Patestos N P, Haegeman G, Vandevoorde V, Fiers W
Laboratory of Molecular Biology, Gent University, Belgium.
Biochimie. 1993;75(11):1007-18. doi: 10.1016/0300-9084(93)90153-j.
After treatment of L929 cells, a murine fibrosarcoma line, with tumor necrosis factor (TNF), a nuclear kappa B-like transcription factor is rapidly induced as identified by gel shift mobility assays using the kappa B-responsive sequence of the immunoglobulin or interleukin-6 (IL-6) genes as a DNA probe. When induction was carried out under conditions of increased or decreased cytotoxicity, which correlates with altered IL-6 gene expression, nuclear factor kappa B (NF-kappa B) activation was also demonstrated, but the abundance of the protein/DNA complex observed remained unchanged. Also activation of NF-kappa B as a function of time following TNF treatment did not reveal a correlation between the abundance of the protein/DNA complex and the TNF-induced IL-6 mRNA levels. Moreover, in L929 cells resistant to TNF cytotoxicity, the kappa B-like factor still became fully activated by TNF, although the IL-6 gene was only marginally expressed. In conclusion, discrepancies between the abundance of the activated NF-kappa B-like factor and the IL-6 mRNA production upon treatment with TNF indicate that (an) additional transcription factor(s) and/or (a) regulating mechanism(s) is (are) necessary for fine regulation of the level of IL-6 gene expression in response to cytokine stimulation.

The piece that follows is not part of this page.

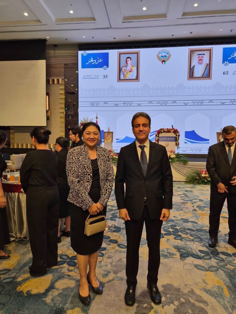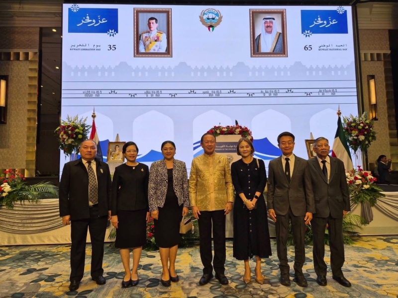 เมื่อวันที่ 3 กุมภาพันธ์ 2569 นางสาวนฤมล สงวนวงศ์ รองปลัดกระทรวงเกษตรและสหกรณ์ ได้รับมอบหมายจาก ร้อยเอก ธรรมนัส พรหมเผ่า รองนายกรัฐมนตรี และรัฐมนตรีว่าการกระทรวงเกษตรและสหกรณ์ พร้อมด้วย นางสาวไปรยา เศวตจินดา ผู้อำนวยการสำนักการเกษตรต่างประเทศ เข้าร่วมงานวันชาติรัฐคูเวต และมอบกระเช้าดอกไม้เพื่อแสดงความยินดีแก่ นายอับดุลโมห์เซน อัลฟาเรส อุปทูตรักษาราชการสถานเอกอัครราชทูตคูเวตประจำประเทศไทย เนื่องในโอกาสครบรอบ 65 ปี วันชาติรัฐคูเวต และวันครบรอบการประกาศอิสรภาพรัฐคูเวต ปีที่ 35 ณ โรงแรมอินเตอร์คอนติเนนตัล กรุงเทพฯ

用肿瘤坏死因子(TNF)处理小鼠纤维肉瘤细胞系L929细胞后,通过凝胶迁移率变动分析鉴定发现,一种类核κB转录因子被迅速诱导,该分析使用免疫球蛋白或白细胞介素-6(IL-6)基因的κB反应序列作为DNA探针。当在细胞毒性增加或降低的条件下进行诱导时(这与IL-6基因表达的改变相关),也证明了核因子κB(NF-κB)的激活,但观察到的蛋白质/DNA复合物的丰度保持不变。TNF处理后NF-κB的激活随时间变化的情况也未显示蛋白质/DNA复合物的丰度与TNF诱导的IL-6 mRNA水平之间存在相关性。此外,在对TNF细胞毒性具有抗性的L929细胞中,类κB因子仍能被TNF完全激活,尽管IL-6基因仅少量表达。总之,TNF处理后活化的类NF-κB因子的丰度与IL-6 mRNA产生之间的差异表明,为了精细调节IL-6基因表达水平以响应细胞因子刺激,需要额外的转录因子和/或调节机制。